Tuesday, September 23, 2008

Expect vituperation from Société Nautique de Genève (and from us, a prayer for the future)

An aristocrat of the mountain nation's Société Nautique de Genève (SNG), Commodore Pierre-Yves Firmenich (SUI), and his executive, Secretary-General Alec Tournier (SUI), have engaged San Francisco's Golden Gate Yacht Club (GGYC) in a letter-writing contest.

"You failed to provide timely certification of your horrendously huge trimaran, in accordance with the provisions of the blah, blah, blah," they wrote. "Now we have no alternative but to blah, blah, blah; and then blah, blah,blah" they concluded.

Shots across the bow.

GGYC's courteous and restrained Commodore Marcus Young replied in similar terms, without ad hominem tactics or threats. And he promised a civil disengagement from whatever obliged GGYC to whatever, at some point in the proceedings, somewhere in there, somewhere along the line, somehow.

Which is fine.

Superficially, it looks like a dance among commodores.

From the alpine people, however, don't misunderstand the intention.

It's a dance to delay, confuse and diffuse the fact they don't have a trimaran of 90-feet, they aren't building a trimaran of 90-feet, and they have no intentions of building a trimaran of 90-feet. Period.

For our friends at GGYC, it's a step to disengage from their obligations as Challenger of Record, in whatever contest they were challening, wherever it was staged, or why, in order to compete and achieve something, somehow.

Can you keep track of this?

Regardless, we can be sure that the next brickbat in this engagement will be a vituperative onslaught from the noisemaker at SNG, His Earnestness, Vice Commodore Fred Meyer (SUI).

The Vice Commodore will harass GGYC's sailing team, BMW Oracle, for failing to win on the water, preferring instead to sail in the Courts of New York.

He will fire a phosphorus flare at Russell Coutts (NZL), skipper of BMW Oracle, just so he can pay a tidy Swiss insult to the Kiwi sailor.

Then, as per usual, he will disappear until the next onslaught.

The fact is, there's no Alinghi trimaran. And there never will be.

The House of Cards factor is that the Cold Water Yacht Club (SNG) is ever-so-slowly collapsing, thanks to a paucity of defensive strategies.

Pretty soon, we project, we will see the rubbing of SNG's hull on the hard shallow stones of the foreshore of reality.

SNG are pooped. AC is pooped, likewise. And GGYC is trying to do everything they can to salvage something out of this, as they watch Louis Vuitton's Bruno Troublé (FRA) defect to Auckland, New Zealand, to stage some wonderful AC32-style pyrotechnics in the one city down under that still loves America's Cup.

Given the heated penmanship, GGYC remains the intelligent participant, we aver. And SNG is fighting a defensive, losing battle.

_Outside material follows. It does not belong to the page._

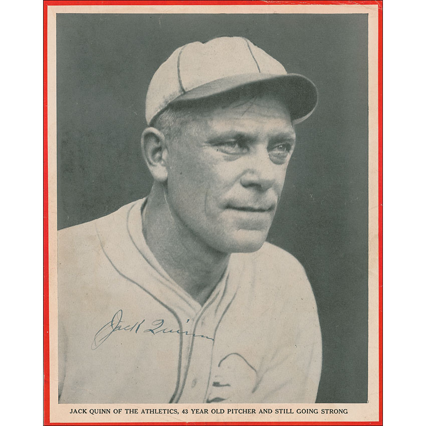 Major League pitcher (1883–1946) who made his final appearance at the age of 50. Vintage 8.25 x 10.25 photo taken from the inside cover of a sample copy of Baseball magazine, signed in fountain pen. Scattered creases and surface marks, as well as some light wrinkling, otherwise fine condition. Pre-certified Steve Grad/PSA/DNA and RR Auction COA.

Our greatest fear, sadly, is that public opinion will diss America's Cup as a wretched excess, a collossal failure, and a calamity of pride, and then depart the stage, muttering silently.

Our prayer is a simple one.

Ernesto stop. Larry stop. All nations, stop. Courts stop. Vice Commodore Myer stop.

Let's have a fabulous AC33 in re-engineered old boats in Valencia. Let's have a great time in the sun in Spain, as soon as humanly possible. Next year, if possible.

Then, together, let us build the biggest, scariest AC34 ever. The biggest, rangiest boats ever. No holds barred!

(Even if we have to take Bruno Troublé to lunch to explain that he can, personally, for his fabulous company LVMH, usher into existence -- not the re-entry of an artifact from sailing history -- but a new standard that changes the competitive sailing world as we know it, and moves naval architecture and innovative yacht design to an absolutely higher plane.)

Which is good.

But first, please, AC33.

Please.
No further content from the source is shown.